• TASK GOAL:
Your task is to reproduce, verbatim and without pictures, the lines from the opening of the listing through the line containing "Timbre Digital con".

• AVAILABLE DATA:
----------------

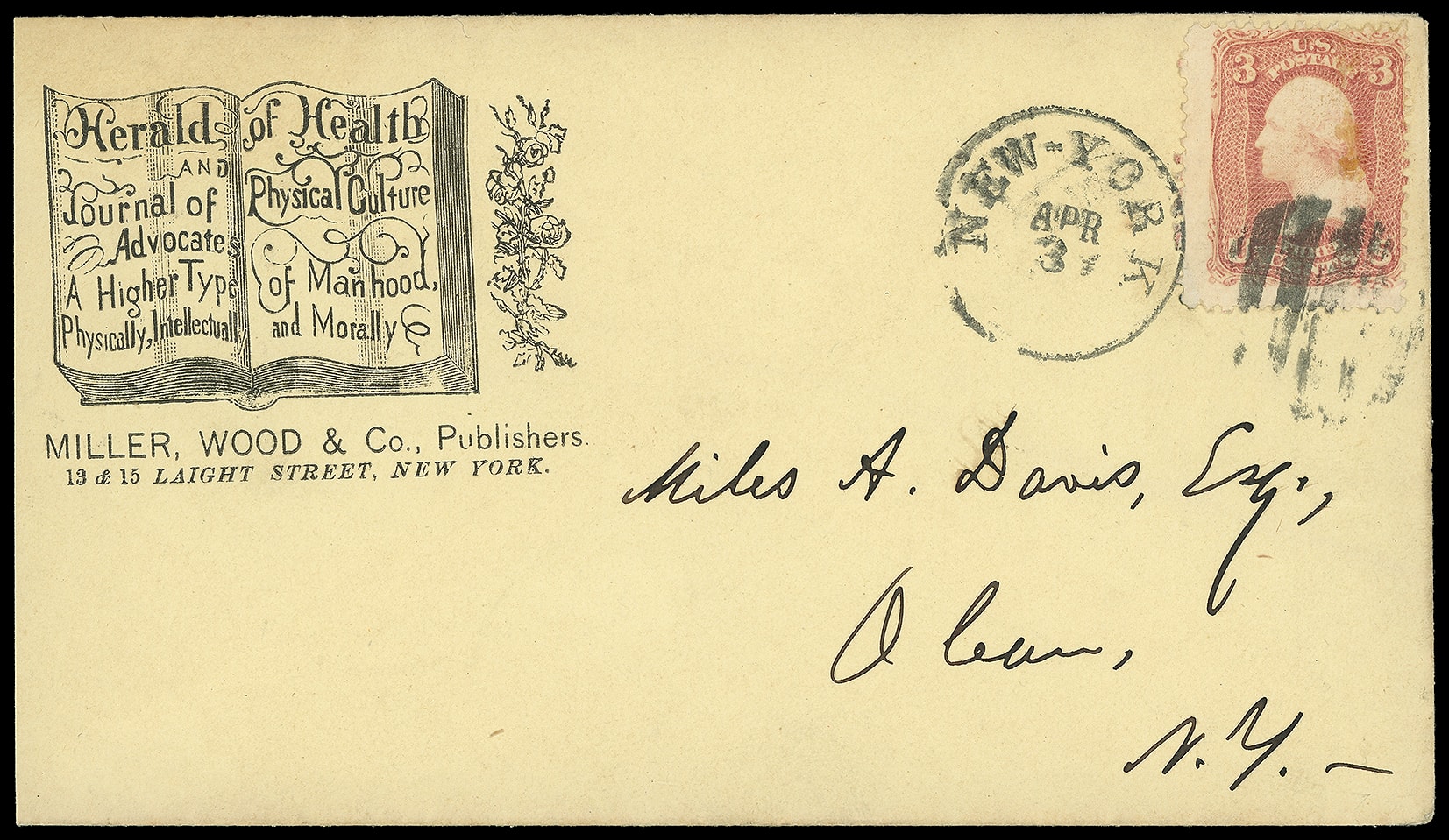 Health, Wood & Holbrook Publishers, New York N.Y. Illustrated corner card showing open book on amber cover bearing 3¢ rose (65) tied by grid cancel duplexed with "New-york, apr 3" cds to Oleans N.Y., fresh and Very Fine. Estimate;
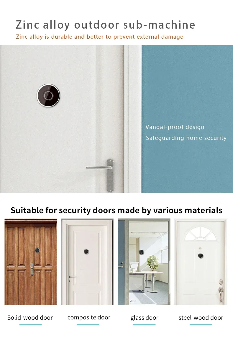 Timbre Digital con pantalla LCD a color de 3,5 pulgadas, mirilla electrónica, visor de cámara para puerta, timbre exterior con ojo de gato de 120 gradosMini cámara exteriorPantalla LCD a color de 3,5 pulgadasSensor de imagen en color industrial de alta definición OVÁngulo de visión real de 120 gradosMonitoreo las 24 horasEspecificaciones:Tipo: ojo mágicoMaterial: aleación de zincTipo: Timbre DigitalPantalla LCD: 3,5 pulgadasSensor: Sensor CMOS de 2 megasFunción: ahorro de energía, alerta de baja potenciaFuente de alimentación: 4 pilas AAA (no incluidas)Rango de orificios de puerta: 14-28 mmRango de espesor de puerta: 35-100 mmPalabra clave: visor de puerta digitalFuente de energía: 4 pilas AAAdiámetro del orificio de la puerta: 14-28 mmGrosor de la puerta: 35-100 mmTamaño del dispositivo interior: 120x62x20 mmDiámetro (cámara exterior): 30 mmPeso neto: 197 gNota:1.Puede haber ligeras desviaciones de tamaño debido a la medición manual, diferentes métodos de medición y herramientas.2.Es posible que la imagen no refleje el color real del artículo debido a las diferentes luces, ángulos y monitores de visualización.paquete:1 unidad exterior.1 unidad interior.3 tornillos.
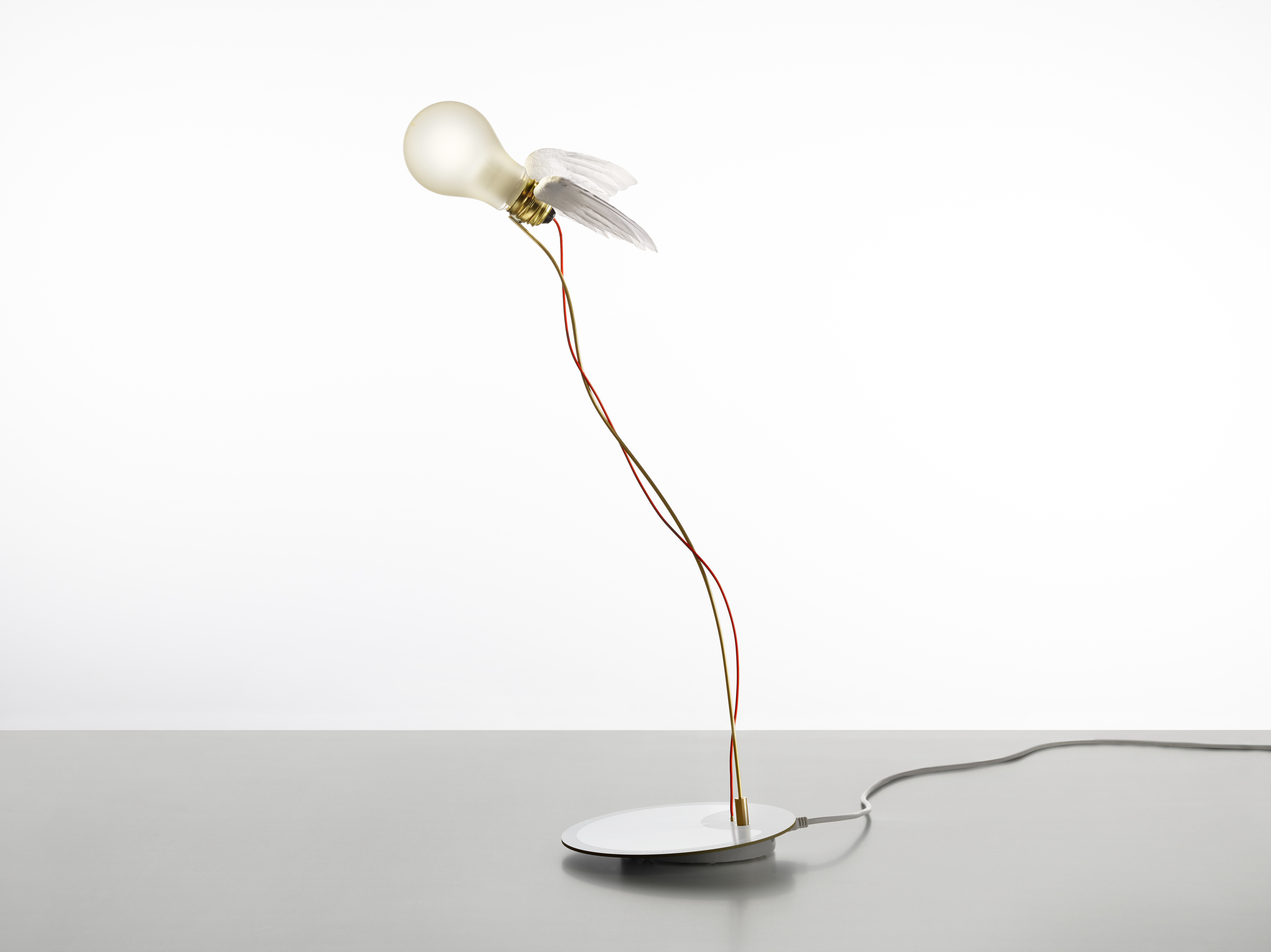 The lamp features handcrafted goose-feather wings attached to an E27 base. It uses a matte bulb powered by a 24-volt secondary voltage. Originally designed for use in train lighting systems until the 1990s, these 24-volt bulbs with standard sockets are now exclusively manufactured for Ingo Maurer GmbH and are compatible only with Lucellino models. A distinctive red cable is soldered directly to the bulb. Note: This lamp is not suitable for use in high-humidity environments.
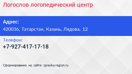 Логослов, логопедический центр по адресу 420036, Татарстан, Казань, Лядова, 12 в дальнейшем Организация, размещена в следующих категориях:

----------------

• RESPONSE:
 Health, Wood & Holbrook Publishers, New York N.Y. Illustrated corner card showing open book on amber cover bearing 3¢ rose (65) tied by grid cancel duplexed with "New-york, apr 3" cds to Oleans N.Y., fresh and Very Fine. Estimate;
 Timbre Digital con pantalla LCD a color de 3,5 pulgadas, mirilla electrónica, visor de cámara para puerta, timbre exterior con ojo de gato de 120 gradosMini cámara exteriorPantalla LCD a color de 3,5 pulgadasSensor de imagen en color industrial de alta definición OVÁngulo de visión real de 120 gradosMonitoreo las 24 horasEspecificaciones:Tipo: ojo mágicoMaterial: aleación de zincTipo: Timbre DigitalPantalla LCD: 3,5 pulgadasSensor: Sensor CMOS de 2 megasFunción: ahorro de energía, alerta de baja potenciaFuente de alimentación: 4 pilas AAA (no incluidas)Rango de orificios de puerta: 14-28 mmRango de espesor de puerta: 35-100 mmPalabra clave: visor de puerta digitalFuente de energía: 4 pilas AAAdiámetro del orificio de la puerta: 14-28 mmGrosor de la puerta: 35-100 mmTamaño del dispositivo interior: 120x62x20 mmDiámetro (cámara exterior): 30 mmPeso neto: 197 gNota:1.Puede haber ligeras desviaciones de tamaño debido a la medición manual, diferentes métodos de medición y herramientas.2.Es posible que la imagen no refleje el color real del artículo debido a las diferentes luces, ángulos y monitores de visualización.paquete:1 unidad exterior.1 unidad interior.3 tornillos.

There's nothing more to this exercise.